Düşününce Türkiye’yi deprem riskinden korumak aslında ne kadar kolaymış değil mi!
Yıkılan evleri yeniden yapmak yerine, bu evleri yıkılmadan yeniden yapmayı planlayacak bir aklın yönetmesi gerekiyormuş Türkiye’yi.
Yani deprem riski taşıyan konutları yeniden yapmak isteyenlere faizsiz kredi verilseymiş.
Televizyonlarda yapılan yardım kampanyasına sadece kamu bankaları ve kamu kurumları 91 milyar TL verdiler.
Bu para deprem öncesi faizsiz kredi verilmesi için bir “faiz fonu” oluşturmak için kullanılsa, muhtemelen kentlerimizi büyük oranda yeniler, olası büyük depremleri, felaket olarak değil, az can kaybı verdiğimiz doğal afetler olarak atlatırdık.
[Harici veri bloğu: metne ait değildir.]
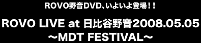 ROVO「宇宙の日」DVD、いよいよ登場!! ROVO主催で、ゴールデンウィークの恒例となった、日比谷野音でのMDTフェスティヴァル(通称“宇宙の日”)のLIVE DVDがいよいよ登場!毎年、最高のラインナップと極上の環境で、至福の時間を約束するROVOの、2008年5月5日のLIVEの模様を完全収録。開催6年目にして、すべてが最高レベルとなったこの日、ROVOリーダー勝井祐二 (Vln) も「今日が一番楽しかった」とMCした、まさに伝説のLIVE!新旧おりまぜたROVOベストセレクションでつむぐ音と光の物語は、時間と空間と日常を超え、大空へと舞い上がる宇宙旅行。巨大な日比谷野音に直接映し出された、ROVOレギュラーVJ迫田悠によるファンタジックな超特大映像も圧巻。都会のオアシス、日比谷野音の風と、新緑と、最高のヴァイブスとともに、存分にお楽しみください!!

Böyle bir fonla Türkiye’nin bugün açıkladığı resmi faiz oranları ile yaklaşık 900 milyar TL’lik bir kaynağın finansman gideri karşılanır ve bu para ile riskli kentlerdeki riskli yapıların hemen hemen tamamı risksiz hale getirilmiş olurdu.
Üstelik biliyoruz ki, bu maliyet KOİ projeleri için müteahhitlere ödenen paranın üçte birinden azdı.